DeepSpeech isn’t the only open source project of its kind, but it’s among the most mature. Modeled after research papers published by Baidu, the model is an end-to-end trainable, character-level architecture that can transcribe audio in a range of languages. One of Mozilla’s major aims was to achieve a transcription word error rate of lower than 10%, and the newest versions of the pretrained English-language model achieve that aim, averaging around a 7.5% word error rate.

It’s Mozilla’s belief that DeepSpeech has reached the point where the next step is to work on building applications. To this end, the company plans to transition the project to “people and organizations” interested in furthering “use-case-based explorations.” Mozilla says it’s streamlined the continuous integration processes for getting DeepSpeech up and running with minimal dependencies. And as the company cleans up the documentation and prepares to stop Mozilla staff upkeep of the codebase, Mozilla says it’ll publish a toolkit to help people, researchers, companies, and any other interested parties use DeepSpeech to build voice-based solutions.
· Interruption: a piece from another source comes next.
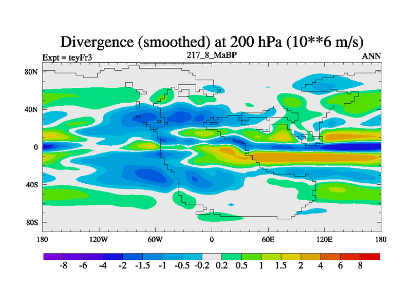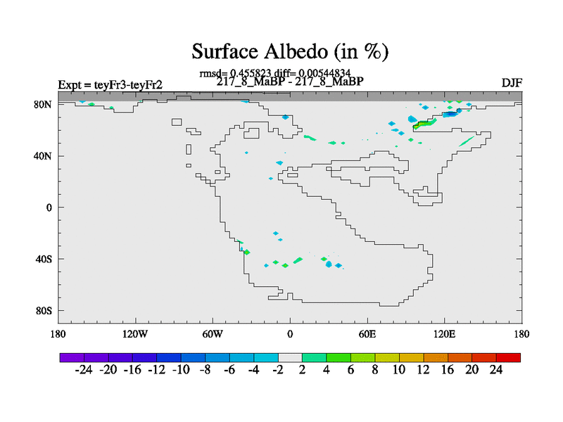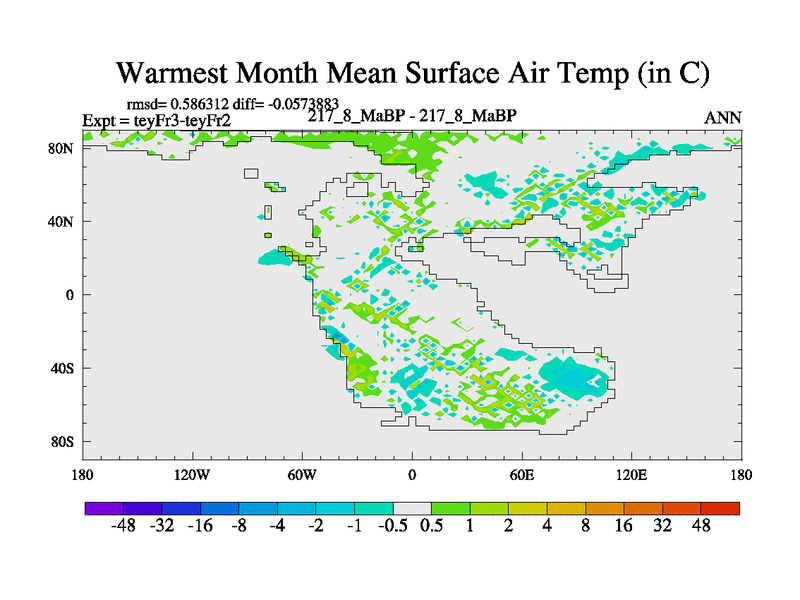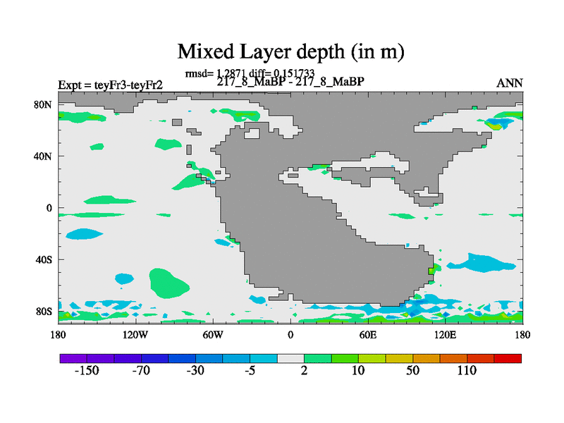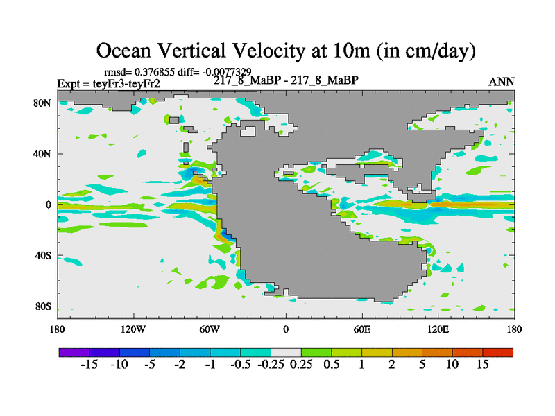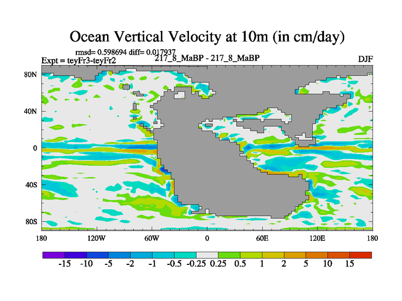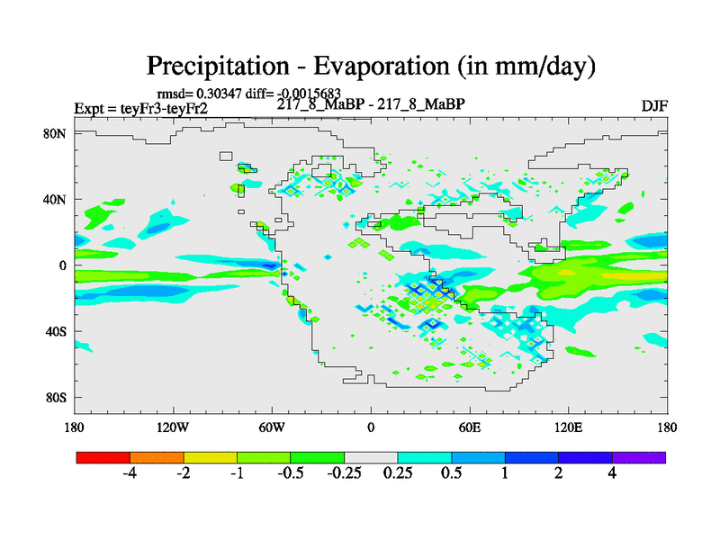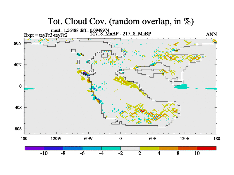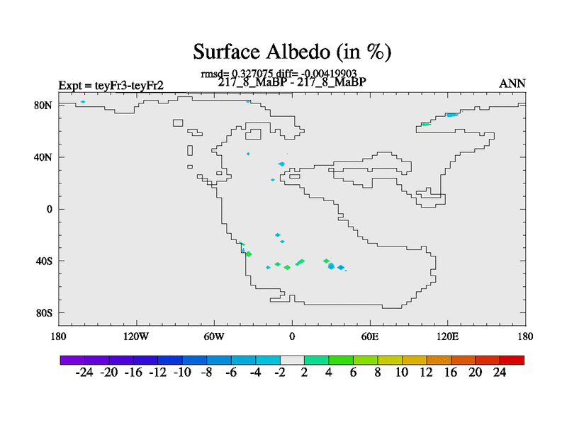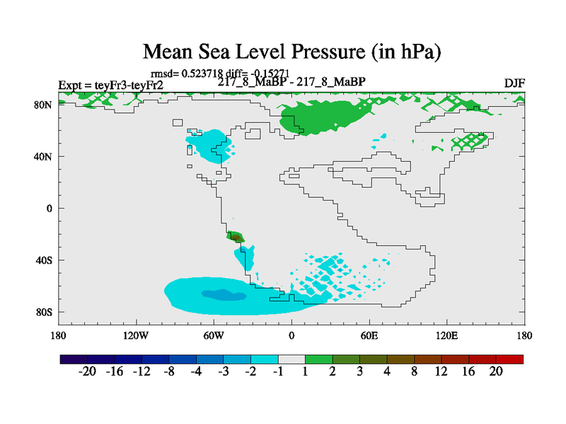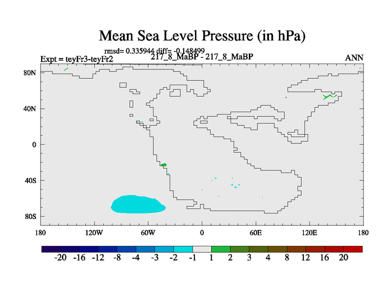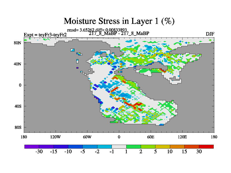 This is the 217.8 Ma simulation using the Scotese palaeogeographies and revised CCN etc. Updated HadCM3L ocean parameters and soil parameters. Also made sure orography gravity wave drag was consistent.

DeepSpeech: A brief history

Mozilla’s work on DeepSpeech began in late 2017, with the goal of developing a model that gets audio features — speech — as input and outputs characters directly. The team hoped to design a system that could be trained using Google’s TensorFlow framework via supervised learning, where the model learns to infer patterns from datasets of labeled speech.

The latest DeepSpeech model contains tens of millions parameters, or the parts of the model that are learned from historical training data. The Mozilla Research team started training it with a single computer running four Titan X Pascal GPUs but eventually migrated it to two servers with 8 Titan XPs each. In the project’s early days, training a high-performing model took about a week.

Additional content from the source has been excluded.